И ты веришь, Коля, совершенно для меня неожиданно Сталин весело и жутковато залыбился, захохотал, обрадовался, так сказать, как убийца, которого наконец не опознали. Молотов, воспользовавшись моментом, поднял сначала одну ногу и почесал кожаный пузырь, потом другую. Похихикал Сталин, посвистели в нем копченые бронхи, и по-новой спрашивает: — Значит, лицо мое тебе абсолютно и относительно не знакомо?
— Не виделись мы, хозяин, значит, на знакомо.
— Газеты, старик, читаешь?
— Совсем не читаю, хозяин.
— Вот как. Не чи-та-ешь. Счастливый человек. До нашей эры жи вешь… Никогда не читал?
— Не читал,хозяин.
— Радио слушаешь? — Нету у меня радио. Слушаю, что скажет Аллах… Что скажет он, то и слушаю.
— Ты, старик, где и кем работаешь?
— Сапожник я, хозяин. Старье починим, новое пошьем, совсем недорого берем. Сталин быстро снял левую ногу с правой и — тишина, Коля, тишина. Минут десять Сталин молчит, а молотовские коленки подрагивают, падлы… Тишина… Ага, думаю, наверно, папаню вспомнил, разбойник? Вспомнил, небось, как папенька с десяток граненых гвоздиков клал под усы на родимую губу. Вспомнил, Ленин сегодня, молоточек отцовский и пальцы рук отцовских, черный вар от дратвы навек в них въелся? Вспомнил, сраная четвертая глава большевистского дракона, как легко, как на глаз взрезал косой нож кусину прекрасной кожи и как чистая подошва первый и последний раз глядела в небо, пока батя вгонял в нее деревянные шпилечки да зачищал чешуйками рашпиля, да каблук присобачивал, вспомнил, волк? Волк ты, думаю, самый к тому же дурной, потому что нормальный волк зарежет овцу, нахавается от пуза и гуляет по брянскому лесу до следующего подсоса под ложечкой. Дурной же клацает пастью, режет овец, которых схавать не успеть, и не участь, вроде бы помереть им сегодня, режет без разбору, грызет глотки, напустил кровищи… Тишина… Выбил трубку о каблук правого штиблета…. «Герцеговина Флор» на землю упала. Молотов нагнулся, поднял зеленую коробоч ку. Рыло его вверх ногами увидел я на секунду. Тьфу.

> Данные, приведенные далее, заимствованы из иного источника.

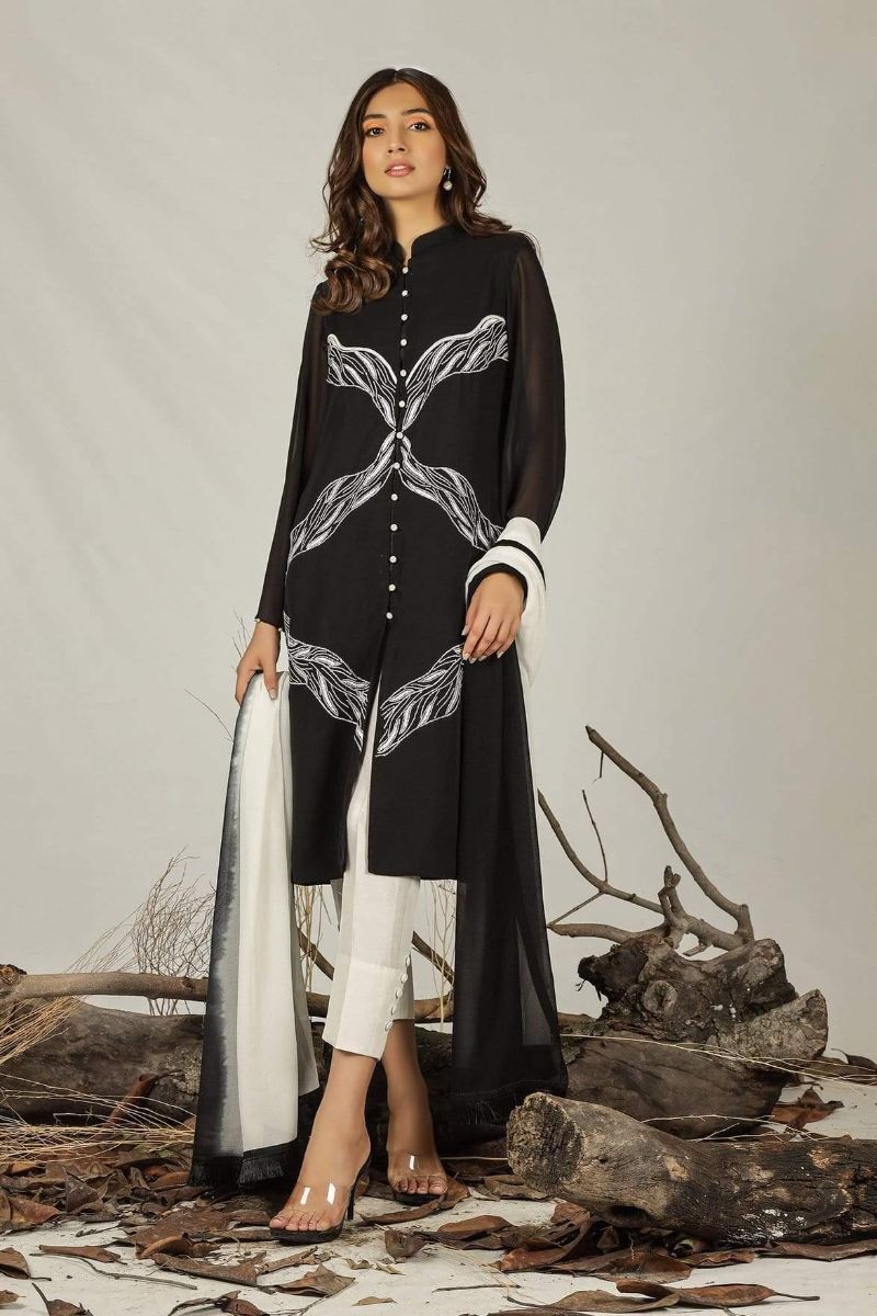Skillfully designed with bold white linear embroidery juxtaposed against black, the aore tunic in a is a modern take on feminine style. it features a band collar and is detailed with pearl buttons. With a clean cut midi-length silhouette and two toned dupatta - wear it with a pair of tailored pants for a modern summer look.
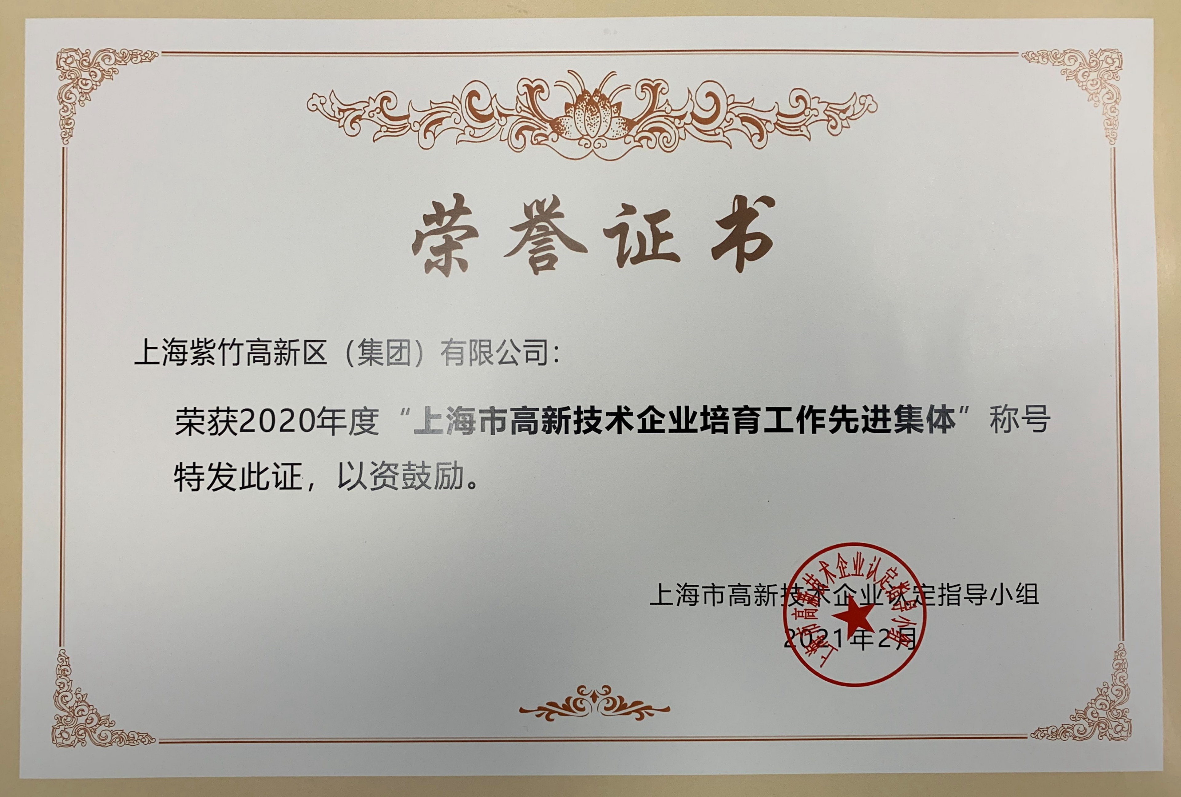 紫竹高新區榮獲2020年度“上海市高新技術企業培育工作先進集體”和“上海市高新技術企業統計工作先進集體”稱號
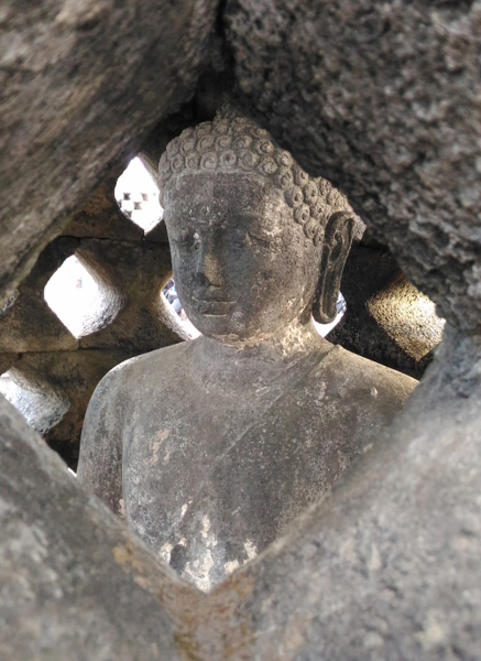 婆羅廟東西南北的佛像,各有不同的手勢,大部份的佛頭或手都不見了,據說是被盜走拿去賣了,聴到這裡,決得與中國敦煌的佛像,命運很相似,像這些佛頭和佛手或佛像,在歐美的各大博物館裡,都可以看得到,歐美人說,是他們替亞洲人保管,但等到亞洲人有能力保管古物時,這些博物館會歸還寶物嗎? 我深感懷疑!
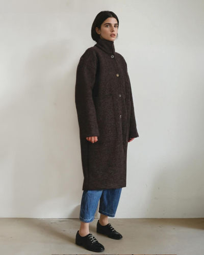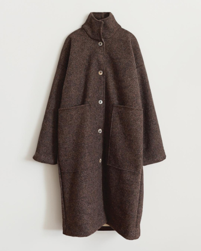 Timeless double-layered long coat made from 100% boiled wool. Front opening with wooden button closure. Two front pockets. Classic elegance with a contemporary design and raw edges. Featuring neck closure for adjustment. Made in Spain
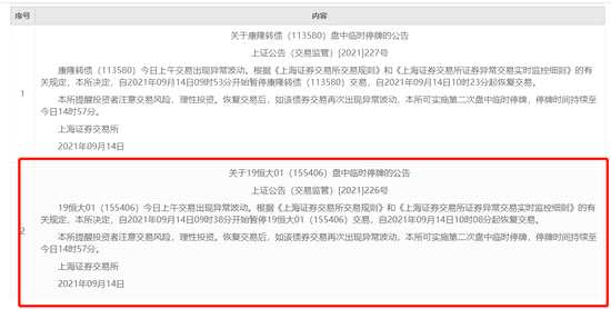 本所提醒投資者注意交易風(fēng)險,理性投資?;謴?fù)交易后,如該債券交易再次出現(xiàn)異常波動,本所可實施第二次盤中臨時停牌,停牌時間持續(xù)至今日14時57分。
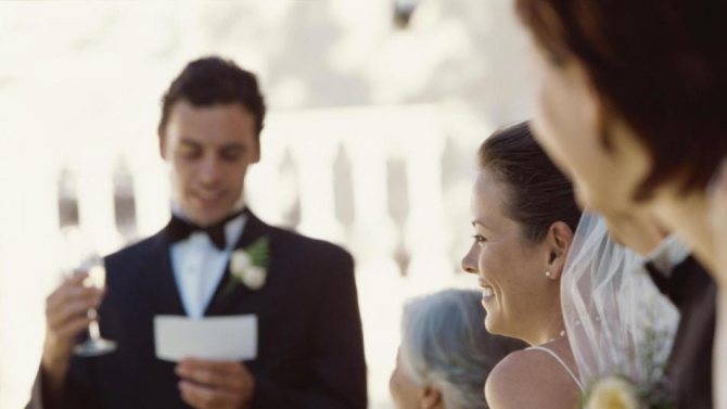 Особое место на свадебном торжестве занимает благодарственная речь жениха. Так, мужчина своей смелостью выразить личные мысли и сказать «спасибо» родителям невесты показывает, что их дочь находится в надежных крепких руках. Как полагается, мужчина должен владеть четким словом, сжатым смыслом, красивыми точными фразами и в то же время не быть слишком скучным и болтливым.

— Семья у тебя есть? — говорит Сталин.
— Есть, хозяин. Жена есть. Сын есть.
— Сын, говоришь?
— Да… сын.
Опять тишина… тишина…. тишина… Чего уж там Сталин вспоминал, хрен его знает. Скорей всего себя вспоминал мальчишкой.
— Что сын делает? — спросил зло и глуховато.
— Мулла — мой сын. Мулла. В мечети работает.
— Немцам служил! — быстро вмешался Молотов. — Активный пособник. Квислинг.
— Аллаху мой сын служил и нам, татарам. У немцев другой бог — Гитлер. Ему мой сын не служил.
Тут, Коля, Сталин топнул левой ногой, и понял я, что закипело наконец в вожде дерьмо в том месте, где у нормального человека душа должна быть. Закипело и выбежало через край. Но говорит не спеша, как на 18-ом сьезде партии:
— Позволительно спросить у нашей контрразведки: почему до сих пор Крым, эта бывшая цитадель белой сволочи, не очищен от предателей всех мастей и их так называемых мулл?
Строевым шагом подошли к нему запыленные сапоги из шевровой своры и щелкнули каблуками.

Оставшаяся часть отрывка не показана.